Evan Hepler-Smith, Duke University
"Chemical ciphers: war and peace"
ABSTRACT: This chapter, drawn from my book manuscript of the above title, examines information technologies as infrastructure for chemical research in Germany, the US, and the UK during and after World War 2. Chemistry's print-based information infrastructure (handbooks, abstract journals, indexes, nomenclature schemes) enabled war-oriented chemical research projects of novel scale and scope. These projects, wartime pressures, and (in Germany) Nazi persecutions stressed that vital infrastructure to the breaking point. This ws a problem for academic and industrial chemists who saw German, American, and British reference works as a vital basis for their research. While postwar IT entrepreneurs eager to sell machine methods took a keen interest, this was not about replacing print with electronic information systems.
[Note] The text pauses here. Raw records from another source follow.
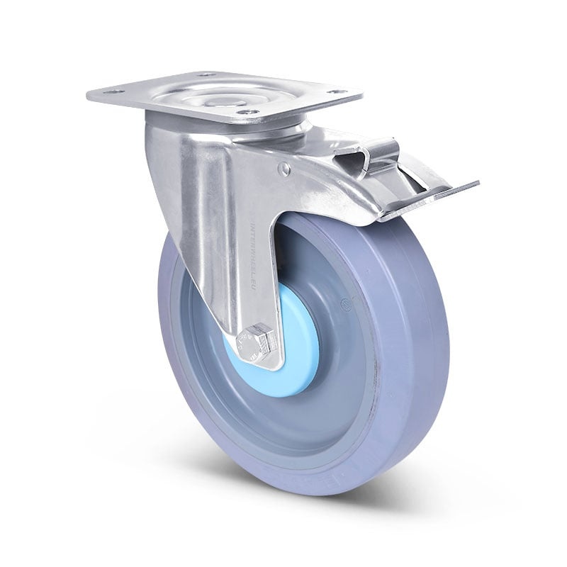 Stal nierdzewna Kółko obrotowe z hamulcem 200 mm guma z łożyskiem kulkowym i płyta - 400 kg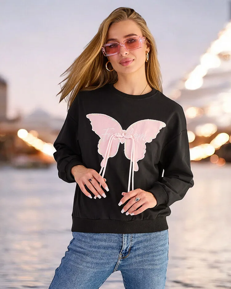 - Добавьте изюминку своим нарядам с помощью нашей тонкой толстовки, украшенной нашивкой с бабочками. Надевается через голову, имеет круглый вырез и длинные рукава. Идеально подходит на каждый день, когда вы хотите чувствовать себя непринужденно, но стильно!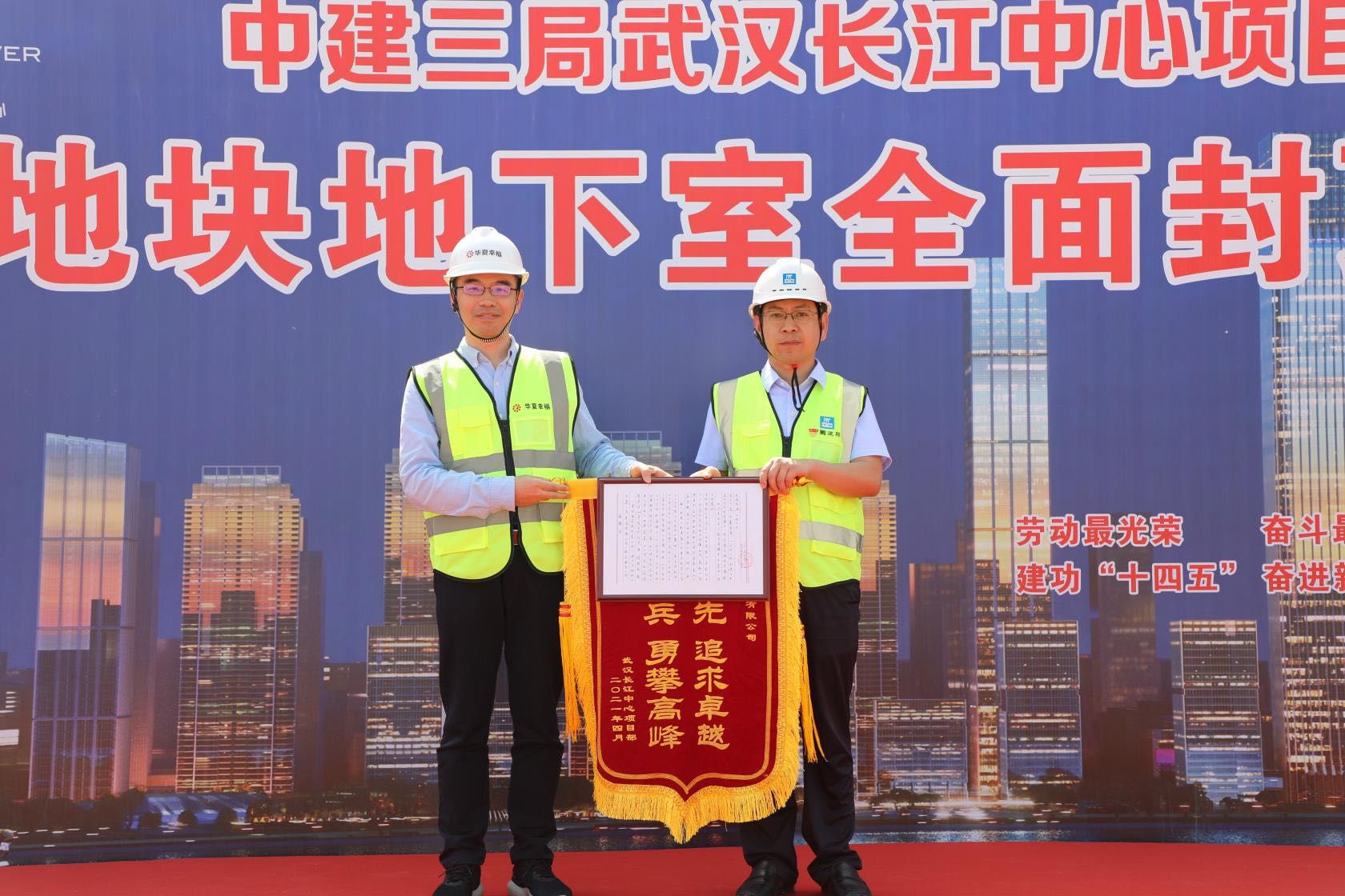 武汉长江中心A1旗舰商业、B1超塔地块地下室全面封顶仪式。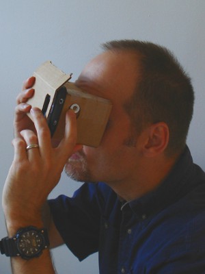 The cardboard box holds an Android smartphone in a position that's in front of your eyes, with some lenses between them. On the screen, two slightly different images are shown on the left and right sides. Each one of your eyes is looking at the image in front of it. Because the images can be made different, a 3D effect can be constructed.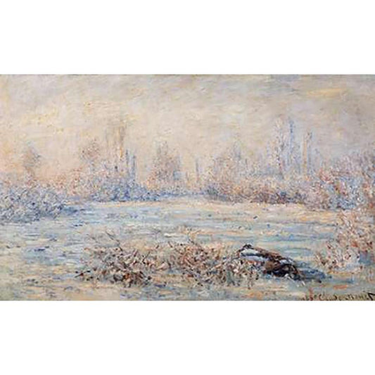 Frost 1880 Black Modern Wood Framed Art Print with Double Matting by Monet, Claude

Rather, "literature chemists" (a nascent interdisciplinary profession) put machines to work supporting the restoration and rationalization of print compilation, further entrenching print-based conventions for identifying and classifying chemical substances in terms of molecular structure. Building on Bill Rankin's insights regarding the Cold War development-economics context for the emergence of "infrastructure" as a category of economic analysis, this chapter scrutinizes decisions to expend considerable resources in rescuing some of chemistry's canonical printed information resources (and not others). This chapter traces this story through the wartime crash searches for antimalarials, herbicides, insecticies, and nerve gases, and the postwar consolidation of these projects through the articulation of a category of "biologically-active chemical substances." I would also be interested in feedback on the way I am approaching information history in this project as a whole.